* Exercise instructions
Starting from the line with "Welcome to this" and going up to and including the line with "시민안전보험 안내문 1부", copy the listing below exactly. Leave all images out.

* Data to use
>>>>>

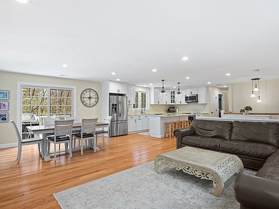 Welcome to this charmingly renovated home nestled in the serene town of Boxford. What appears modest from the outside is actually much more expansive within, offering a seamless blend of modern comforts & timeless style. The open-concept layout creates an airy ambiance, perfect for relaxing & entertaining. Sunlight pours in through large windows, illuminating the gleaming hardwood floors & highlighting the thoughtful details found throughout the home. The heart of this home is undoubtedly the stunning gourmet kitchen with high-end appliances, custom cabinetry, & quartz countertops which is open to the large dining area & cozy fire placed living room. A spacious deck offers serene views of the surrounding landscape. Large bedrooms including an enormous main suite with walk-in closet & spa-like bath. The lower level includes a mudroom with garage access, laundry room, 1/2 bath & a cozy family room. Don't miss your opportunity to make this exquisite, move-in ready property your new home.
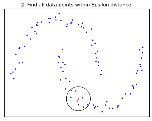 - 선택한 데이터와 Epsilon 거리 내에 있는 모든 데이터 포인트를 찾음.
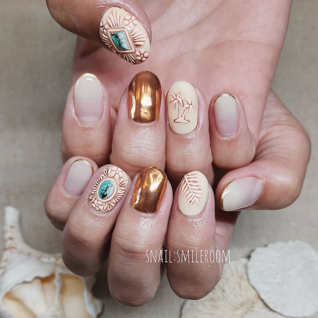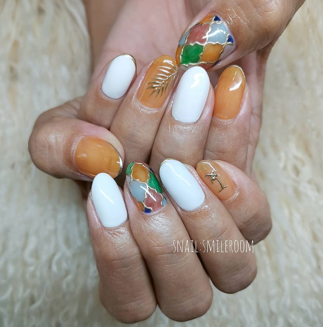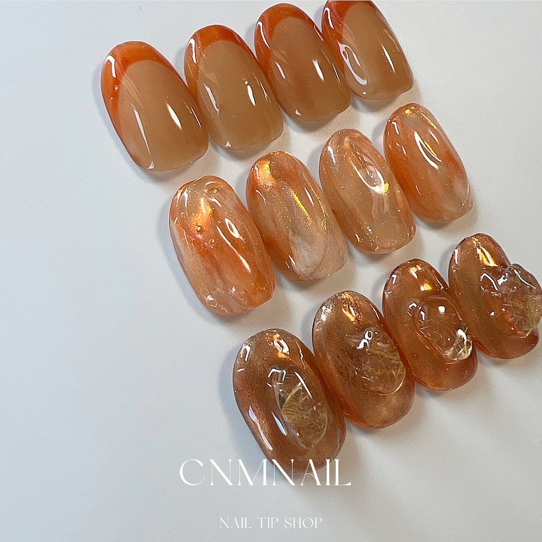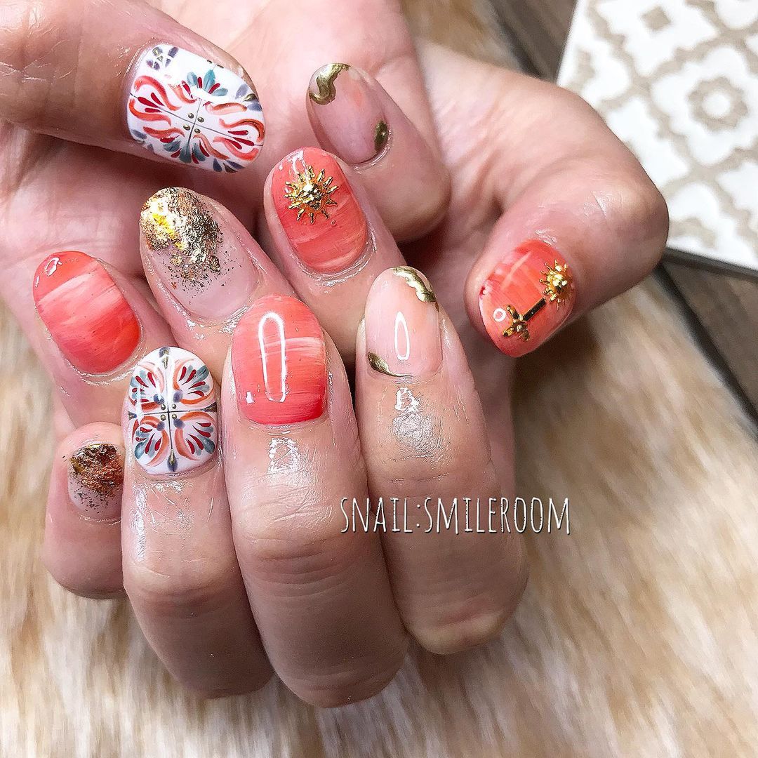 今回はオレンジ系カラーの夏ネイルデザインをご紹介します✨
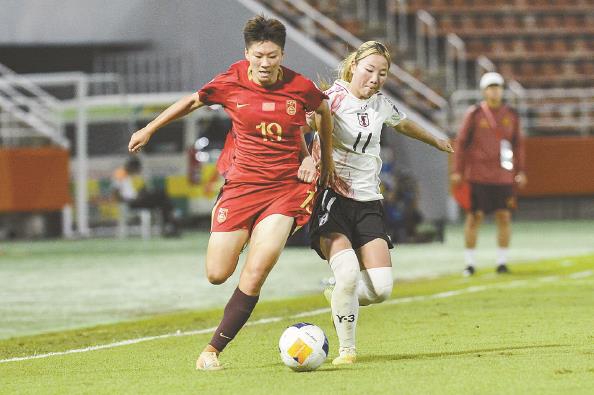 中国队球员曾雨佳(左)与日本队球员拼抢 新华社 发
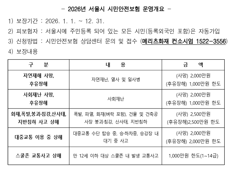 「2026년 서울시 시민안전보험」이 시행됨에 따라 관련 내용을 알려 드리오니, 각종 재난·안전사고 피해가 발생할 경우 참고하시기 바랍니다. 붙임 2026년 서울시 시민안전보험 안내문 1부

<<<<<
>>>>>

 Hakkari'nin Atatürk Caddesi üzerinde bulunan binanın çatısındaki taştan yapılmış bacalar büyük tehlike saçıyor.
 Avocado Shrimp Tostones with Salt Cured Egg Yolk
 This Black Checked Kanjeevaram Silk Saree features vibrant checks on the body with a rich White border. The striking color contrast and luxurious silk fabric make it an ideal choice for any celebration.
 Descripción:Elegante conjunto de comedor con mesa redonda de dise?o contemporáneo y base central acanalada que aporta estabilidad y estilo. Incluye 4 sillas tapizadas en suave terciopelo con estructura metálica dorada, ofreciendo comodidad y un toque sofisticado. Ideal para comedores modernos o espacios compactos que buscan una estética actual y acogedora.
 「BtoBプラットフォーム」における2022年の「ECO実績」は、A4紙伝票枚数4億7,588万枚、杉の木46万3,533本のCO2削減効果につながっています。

<<<<<
>>>>>

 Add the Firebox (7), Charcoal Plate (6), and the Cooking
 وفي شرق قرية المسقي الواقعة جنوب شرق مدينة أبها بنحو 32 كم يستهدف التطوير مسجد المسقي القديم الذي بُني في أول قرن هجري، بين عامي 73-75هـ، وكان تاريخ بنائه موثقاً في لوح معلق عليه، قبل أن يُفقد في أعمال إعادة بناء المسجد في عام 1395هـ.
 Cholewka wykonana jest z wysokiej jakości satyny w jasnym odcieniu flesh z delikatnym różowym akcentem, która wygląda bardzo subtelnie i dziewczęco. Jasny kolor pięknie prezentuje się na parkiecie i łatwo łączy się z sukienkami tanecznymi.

<<<<<

* Solved problem
 Welcome to this charmingly renovated home nestled in the serene town of Boxford. What appears modest from the outside is actually much more expansive within, offering a seamless blend of modern comforts & timeless style. The open-concept layout creates an airy ambiance, perfect for relaxing & entertaining. Sunlight pours in through large windows, illuminating the gleaming hardwood floors & highlighting the thoughtful details found throughout the home. The heart of this home is undoubtedly the stunning gourmet kitchen with high-end appliances, custom cabinetry, & quartz countertops which is open to the large dining area & cozy fire placed living room. A spacious deck offers serene views of the surrounding landscape. Large bedrooms including an enormous main suite with walk-in closet & spa-like bath. The lower level includes a mudroom with garage access, laundry room, 1/2 bath & a cozy family room. Don't miss your opportunity to make this exquisite, move-in ready property your new home.
 - 선택한 데이터와 Epsilon 거리 내에 있는 모든 데이터 포인트를 찾음.
 今回はオレンジ系カラーの夏ネイルデザインをご紹介します✨
 中国队球员曾雨佳(左)与日本队球员拼抢 新华社 发
 「2026년 서울시 시민안전보험」이 시행됨에 따라 관련 내용을 알려 드리오니, 각종 재난·안전사고 피해가 발생할 경우 참고하시기 바랍니다. 붙임 2026년 서울시 시민안전보험 안내문 1부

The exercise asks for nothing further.